- Born: 14 July 1964 (age 62) Coventry, United Kingdom
- Education: University of Sussex
- Occupations: Journalist, novelist
- Writing career
- Pen name: M.D. Lachlan
- Language: English
- Period: late 1990s–present
- Genres: Fantasy, nonfiction, journalism
- Notable works: Girlfriend 44 Lucky Dog The Wolfsangel Series

= Mark Barrowcliffe =

British author and journalist

Mark Barrowcliffe (born 14 July 1964), also known as M.D. Lachlan and Mark Alder, is an English writer.

== Career ==
Barrowcliffe wrote under the pseudonym "M.D. Lachlan" for the Wolfsangel series, which began with Wolfsangel in 2010 and continued to Lord of Slaughter in 2012. A fourth novel in the series, "Valkyrie's Song", is in progress.
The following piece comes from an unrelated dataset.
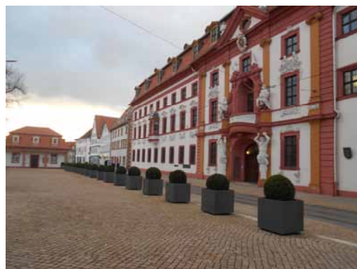
2013 Regierungsstraße - Blick auf die Staatskanzlei Verkehrsberuhigung und Gestaltung dienen dem Anspruch an Aufenthaltsqualität und Repräsentation.

He was drawn to fantasy after penning The Elfish Gene.

In 2013, Barrowcliffe began a new series, 'The Banners of Blood', under another pseudonym "Mark Alder", with the first book titled Son of the Morning.

== Early life ==
He was born in Coventry and studied at the University of Sussex. After graduating, Barrowcliffe worked as a journalist before penning his first novel, Girlfriend 44. He then made a name for himself writing "lad lit". He currently lives and writes in Brighton, East Sussex, and South Cambridgeshire with his son, James, and daughter, Tabitha.

Barrowcliffe felt that, as he was growing up, he kept his distance from girls and "cool kids", and he turned his attention to the role-playing game Dungeons & Dragons. His experiences as a child are detailed in his memoir, The Elfish Gene.

== Bibliography ==

=== The Wolfsangel series ===
- Wolfsangel (2010, as M.D. Lachlan)
- Fenrir (2011, as M.D. Lachlan)
- Lord of Slaughter (2012, as M.D. Lachlan)
- Valkyrie's Song (2015, as M.D. Lachlan)
- The Night Lies Bleeding (2018, as M.D. Lachlan)

=== The Banners of Blood series ===
- Son of the Morning (2014, as Mark Alder)
- Son of the Night (2017, as Mark Alder)

=== Stand-alone works ===
- Girlfriend 44 (2000)
- Infidelity for First-Time Fathers (2002)
- Lucky Dog (2004)
- The Elfish Gene (2007)
- Mr. Wrong (2008)
- Celestial (2022, as M.D. Lachlan)

== Adaptations of his works ==
Ron Howard has secured the film rights for Barrowcliffe's novel Girlfriend 44, and Infidelity for First-Time Fathers is in development with 2929 Entertainment.